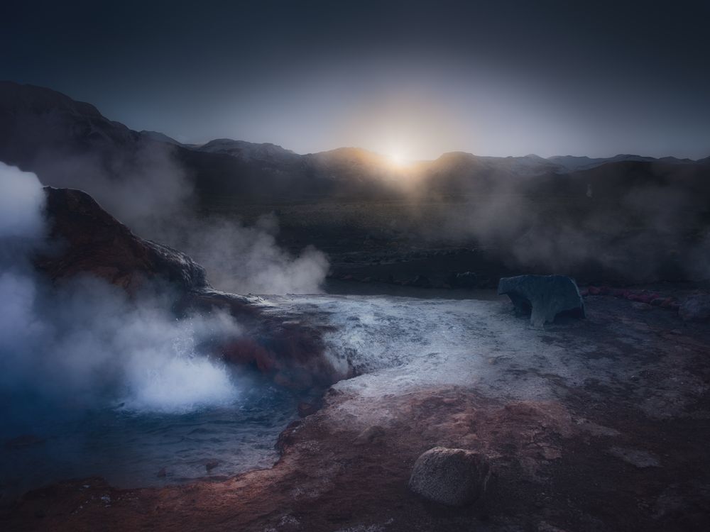A lunar landscape opens up before your eyes as the sun rises over the Tatio geysers.
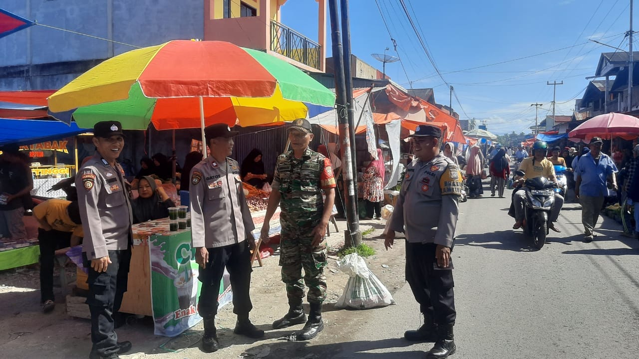 “Untuk hari ini, personel TNI-Polri bersinergi dalam memonitoring dan memantau kegiatan masyarakat yang sedang berlangsung di pasar tradisional serta memberikan imbauan kamtibmas,” ucap Kapolsek,
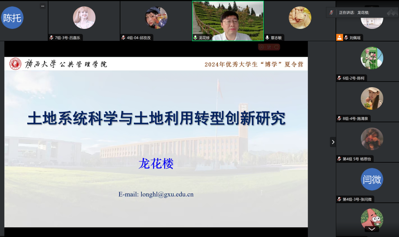 夏令营期间,太阳城网址 为夏令营营员安排了两场精彩的学术讲座——史云贵教授题为“人民美好生活区域实现的城市空间形态探索与绿色治理路径”的讲座与龙花楼教授题为“土地系统科学与土地利用转型创新研究”的讲座,对营员们扩宽学术视野、激发了科研兴趣起到了积极作用。
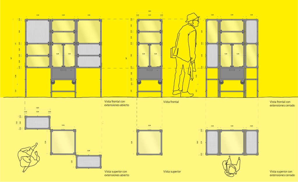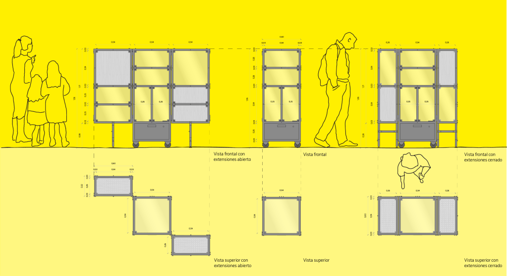 Se construyen cinco módulos idénticos que, se abren, se cierran, suben, bajan y tienen ruedas que les permite llegar a exponer en diversos lugares. Todas las piezas de cada módulo son intercambiables y pueden componer nuevas formas al juntarse. Los paneles de cierre, cuando son transparentes permiten ver el contenido al interior y cuando son sólidos, permiten generar espaldas de apoyo para los objetos que se exponen. Poseen conexión eléctrica para instalar reproductores de video o sonido, iluminación propia y superficies perforadas que permiten colgar elementos en su interior. Además, los soportes internos pueden ajustarse a diferentes alturas según los objetos que se deseen exponer.
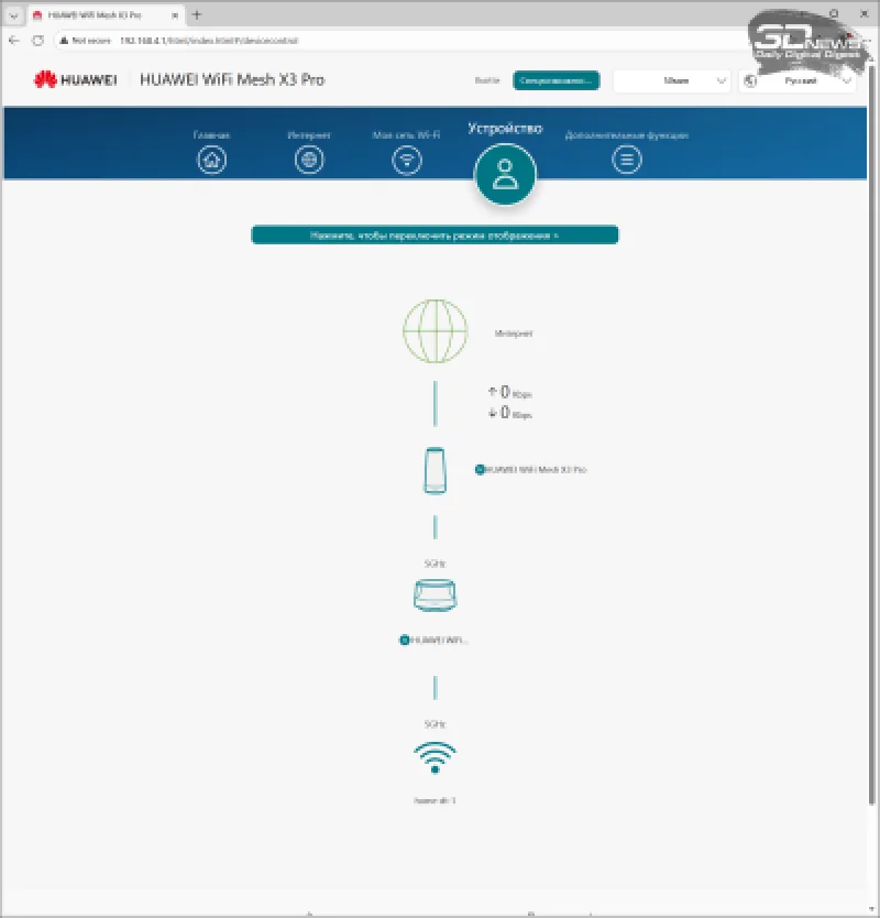 Роутер HUAWEI WiFi Mesh X3 Pro функционирует на базе собственной ОС HarmonyOS. Ее интерфейс ориентирован на обычных пользователей, а не на продвинутых, что отражается в ограниченном наборе опций. Однако ключевые функции, востребованные большинством владельцев, здесь присутствуют, а процесс настройки устройства максимально упрощен.
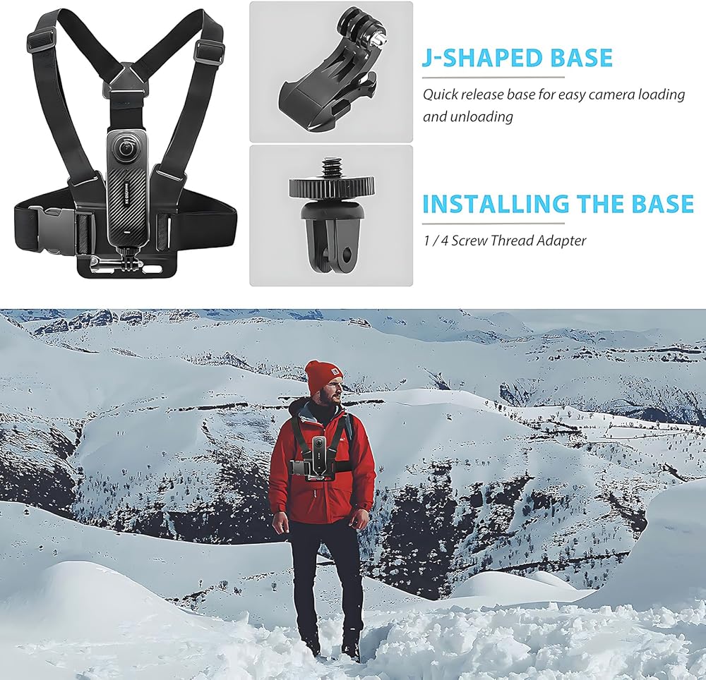 Adjustable Chest Mount Harness for Insta360 X4 X3 X2 X ACE Pro ONE RS R GO 2 3, Chest Strap Body Mount Accessories Compatible with Gopro Hero Series and DJI Osmo Action 2 3 4 Cameras Attachments
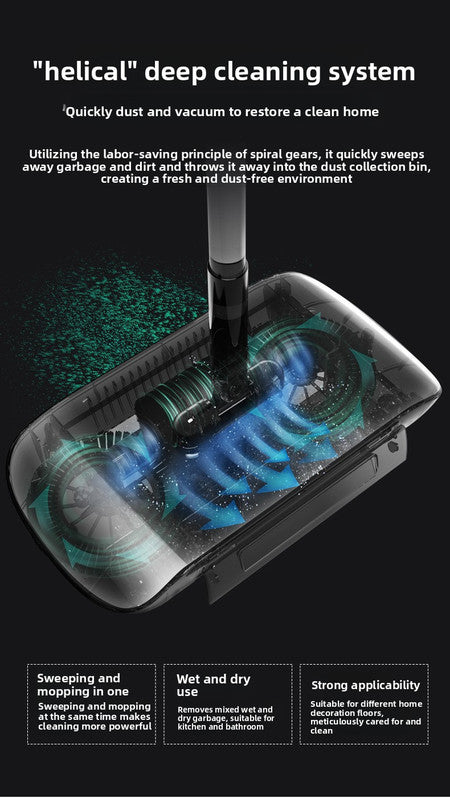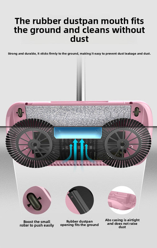 Experience a new way to maintain your floors with this ergonomic Manual Push Sweeper. The device utilizes a mechanical gear system that spins the brushes rapidly as you push it forward, creating a powerful sweeping action without a motor. The integrated microfiber mop pad at the rear ensures that fine dust particles missed by the brushes are wiped away, leaving your floors polished and clean.
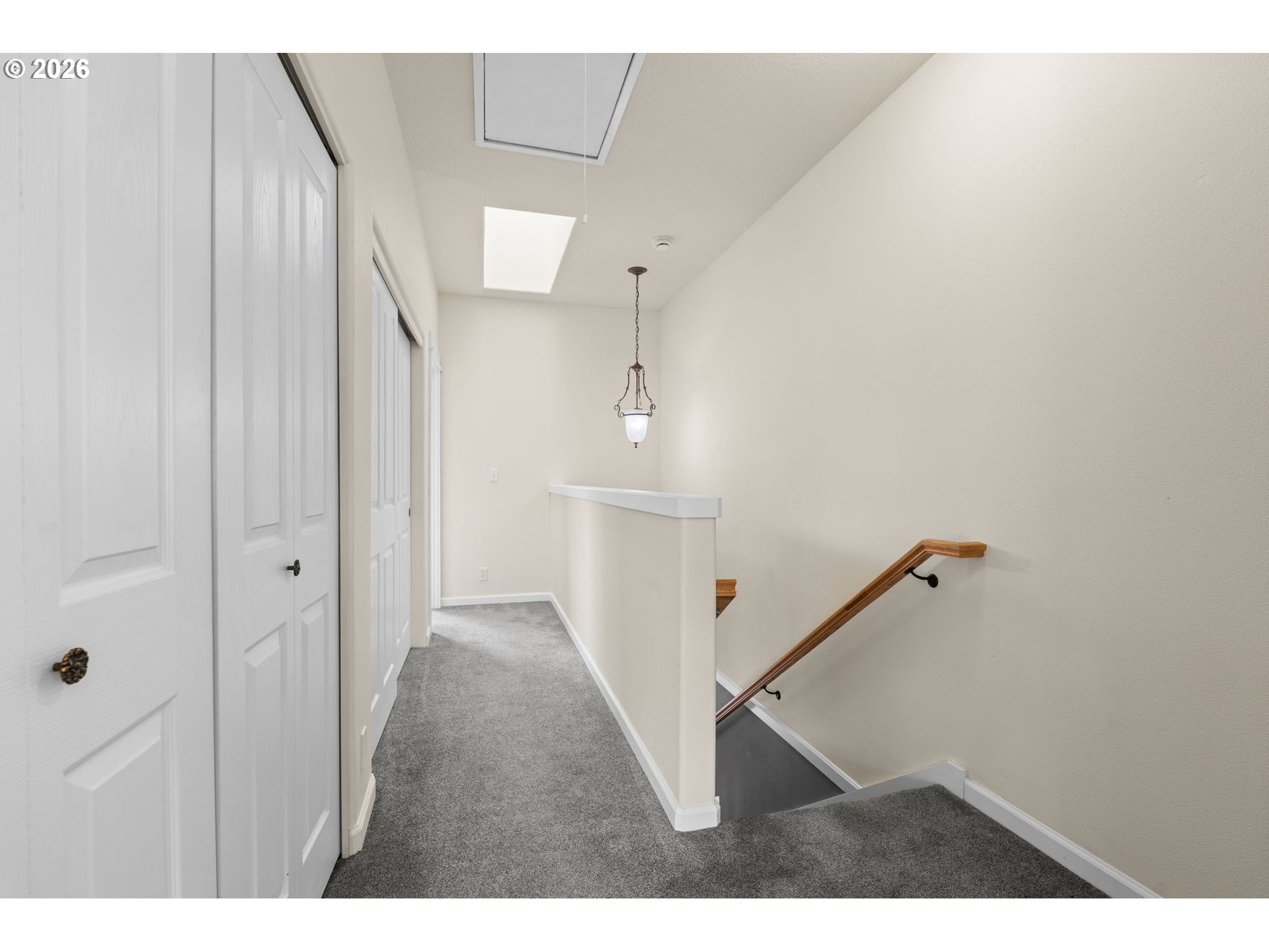 This Fairview Village townhouse shines with the owner’s care and attention to detail. Two bright primary suites upstairs offer privacy and comfort. High ceilings and natural light highlight the updated kitchen with stainless steel appliances, living room with gas fireplace, and spacious dining area perfect for entertaining. Enjoy low-maintenance living with a hardscaped backyard, detached two-car garage for projects or parking, and easy access to Salish Ponds and walking trails. Stylish, move-in ready, and designed for modern living, this home is sure to please!
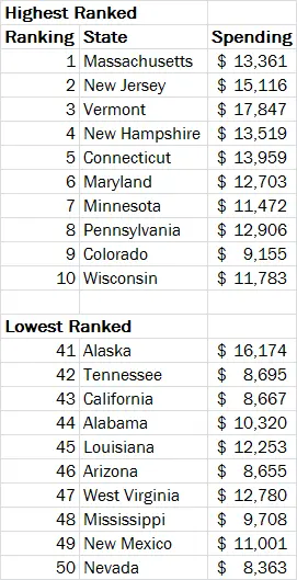 I certainly agree with that statement. Poor performing schools which are usually schools filled with kids from low income families in high crime areas are loaded with special ed. kids with Emotional and Behavior Disorders, Intellectual Disabilities, Learning Disabilities, requiring special attention remedial education, early intervention programs, vocational cooperative work programs, increased security for staff and students, and in many cases lower class sizes. For these and other reasons per pupil cost in such schools can easily be 50% higher the best schools in a district. Cities and states with large numbers of such schools will have high costs.
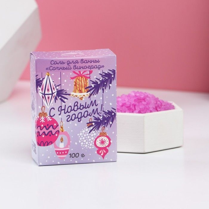 Объём упаковки составляет 100 г, что идеально подходит для одной расслабляющей ванны. Соль имеет розовые кристаллы, которые добавляют эстетическую привлекательность. Упаковка выполнена в светлом пурпурном цвете с праздничными элементами, что делает её отличным подарком для друзей и близких.
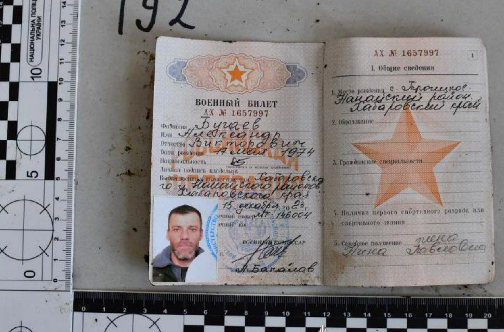 «Труп №192/25. Одет в форму образца вооруженных сил России. При нем — паспорт гражданина РФ, военный билет, талон аттестата военнослужащего № 1252, выписки из приказа командира в/ч № 52 от 26.12.2023, жетон с надписью: “ВС РОССИИ МТ-146004”»
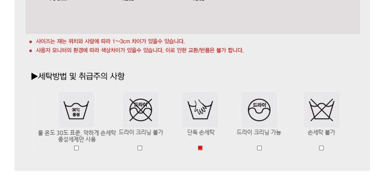 6. 세탁방법 및 취급시 주의사항 | 손세탁 |

**WORK TASK:** Begin at the line in the entries above that has "Adjustable Chest Mount", stop after the line that has "Experience a new", and output exactly those lines without pictures.

**YOUR SOLUTION:**
 Adjustable Chest Mount Harness for Insta360 X4 X3 X2 X ACE Pro ONE RS R GO 2 3, Chest Strap Body Mount Accessories Compatible with Gopro Hero Series and DJI Osmo Action 2 3 4 Cameras Attachments
 Experience a new way to maintain your floors with this ergonomic Manual Push Sweeper. The device utilizes a mechanical gear system that spins the brushes rapidly as you push it forward, creating a powerful sweeping action without a motor. The integrated microfiber mop pad at the rear ensures that fine dust particles missed by the brushes are wiped away, leaving your floors polished and clean.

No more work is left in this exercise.